The digital workspace is different in that endpoints and users are not bound physically to the infrastructure, well they could be when working from office but from an architecture perspective for securing a digital workspace especially under “Zero Trust” which I like to call “Minimal Trust”, we always assume users are external and a constant security “threat” thus as much security products that a company invests in for local users, it does not necessarily apply to remote users. The Digital Workspace requires some of these infrastructure bound security services to be part of an UEM solution to offer true holistic endpoint security called Mobile Threat Defense (MTD).


An interesting thought here, before I reach my point, is that research has shown that humans intrinsically feel secure using mobile devices despite the fact that we have no security products installed on them,  seems because of sociological and psychological reasons apparently.
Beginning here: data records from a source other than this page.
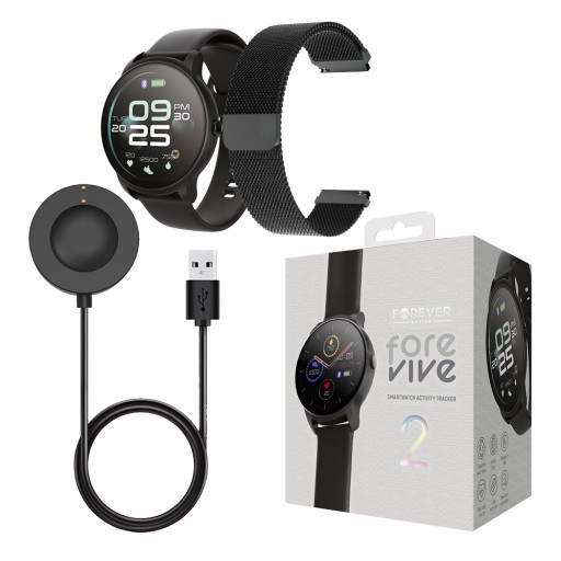 Smartwatch Forever Forevive 2 SB-330 jest kompatybilny iOS ≥ 9.0; Android ≥ 5.0. Zestaw zawiera smartwatch Forever Forevive 2 SB-330, dodatkowy pasek, podstawkę i kabel ładujący i instrukcję obsługi.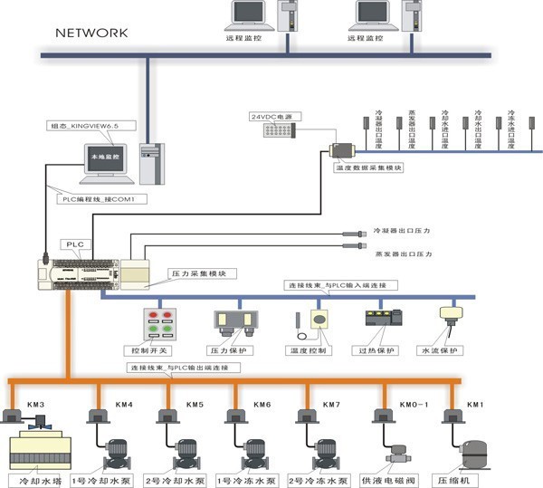 1、教師臺和學(xué)生臺電腦(1~32臺)可以同時監(jiān)控中央空調(diào)的運行狀態(tài),對中央空調(diào)的壓力、溫度等相關(guān)數(shù)據(jù)進(jìn)行采集和顯示。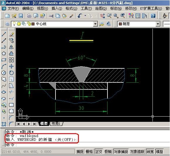 1、更改CAD系统变量WMFBKGND值为OFF,使CAD背景为透明,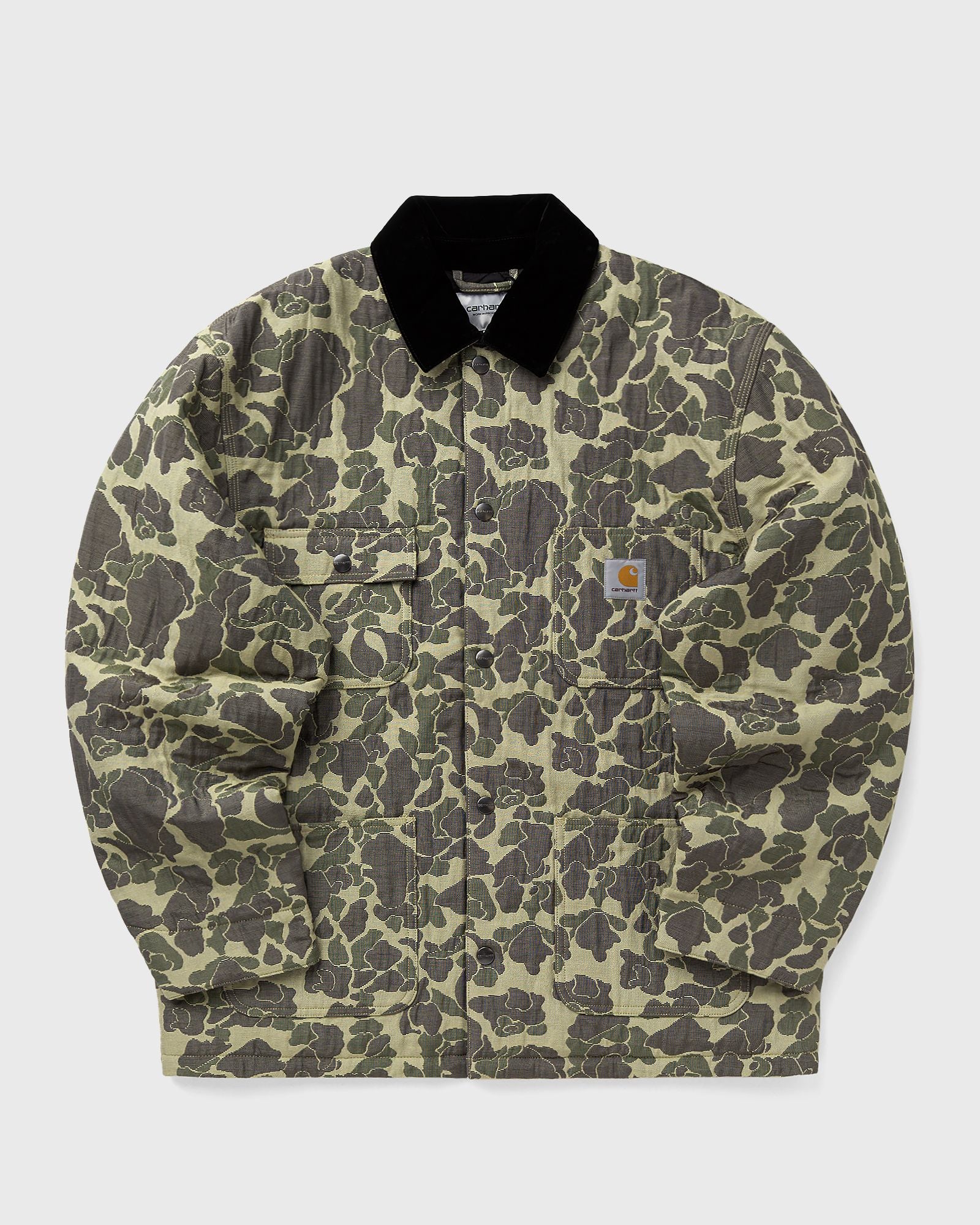 The Tapestry Chore Coat by Carhartt WIP is made from a medium-weight cotton blend with a camo jacquard pattern. It features a quilted lining for extra warmth. The style has four pockets on the front and a chest pocket on the inside. A woven square label completes the design. - Velvet collar - Double stitching - Buttons with logos - Four pockets, one flap with button - Adjustable cuffs - Inside chest pocket - Square label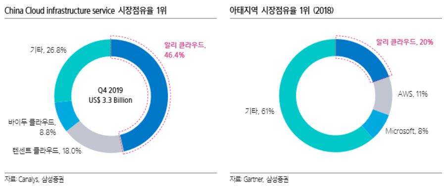 글로벌 클라우드 시장은 아마존, 마이크로소프트, 구글의 3강 체제로 굳혀지고 있지만 중국 시장은 중국 산업보호 정책으로 외국 기업의 진출이 어렵다. (JV로만 가능하다) 글로벌 플레이어 없는 중국 거대 시장은 다시 BAT의 놀이터가 되고 있다. 현재 중국의 클라우딩 서비스 시장의 1인자는 알리 클라우드이고 텐센트, 바이두가 그 뒤를 쫓고 있다. '정부의 보호 정책 → 중국 시장을 중국 기업이 장악 → 경쟁력 확보 → 해외 진출'의 전형적인 '중국 특색 발전 모델'이 만들어 지고 있다.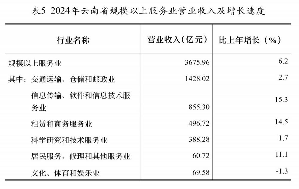 表5 2024年云南省规模以上服务业营业收入及增长速度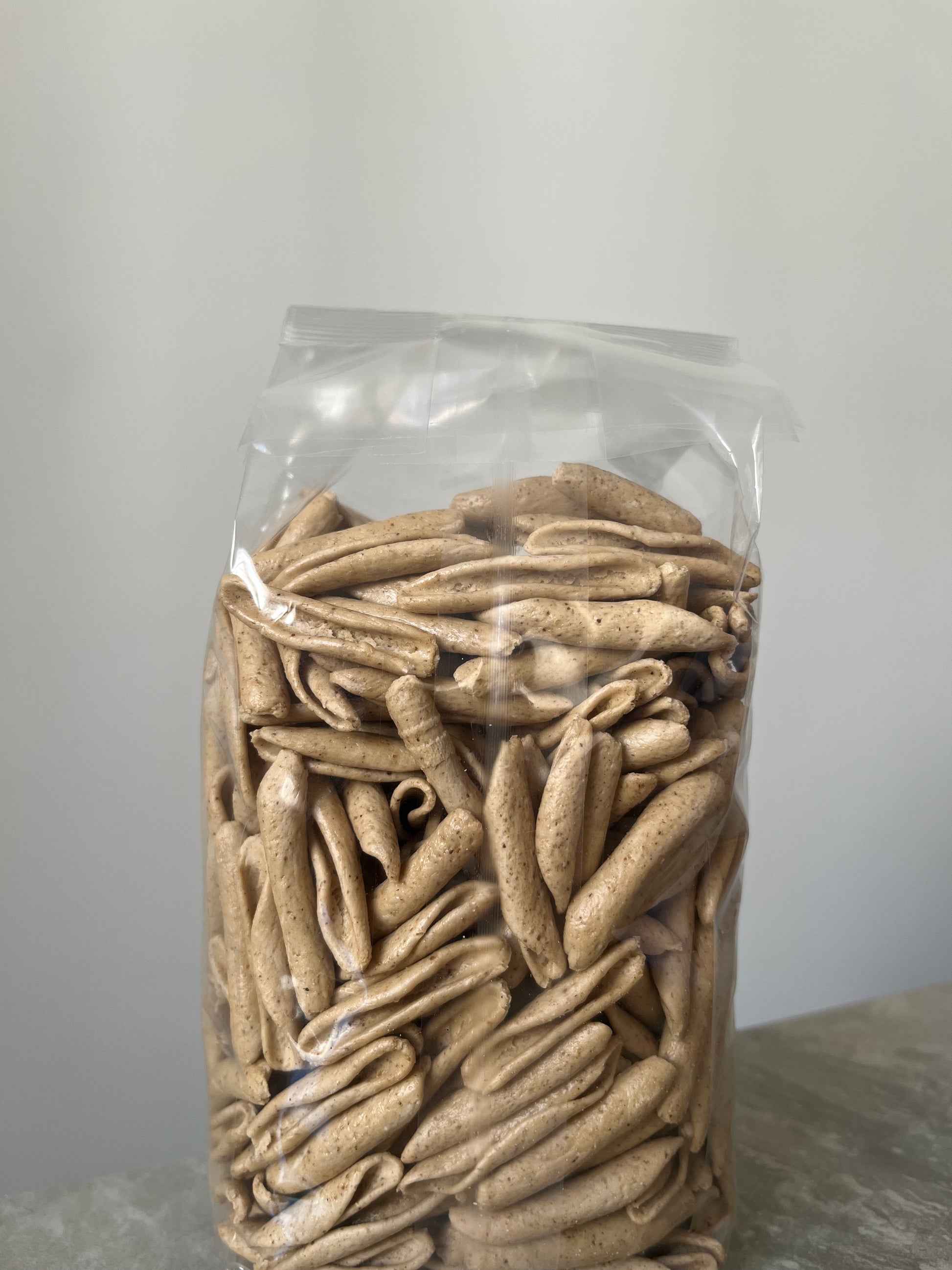 INGREDIENTI: semola di grano duro e farina di grano tostato 20%, acqua.

Do you have an AV installed on your mobile device ? Do you have an anti-ransomware agent installed on your endpoint ? Do you know if your SMS provider has an phishing protection appliance in place filtering SMS messages ? Did you ever consider reviewing the permissions every installed application on your mobile requests ? Did you ever debug an mobile application log for illegal or unauthorized access ? Did you ever question or suspect an application that is already verified by Google Play or Apple App Store ? Have you heard of mobile grayware or side-loaded applications ?

Mobile in my very humble opinion represents a very big or the biggest security attack vector especially for social engineering attacks because first they target human beings ! second they have become an indispensable part of our day-to-day lives including our work and third because of the very dangerous presumption that mobile devices OS’s are inherently secure. Although Mobile manufacturers and providers do their best to secure their platforms, they are still vulnerable to many attacks, take my word for it, mobile devices and endpoints are not inherently nor intrinsically secure.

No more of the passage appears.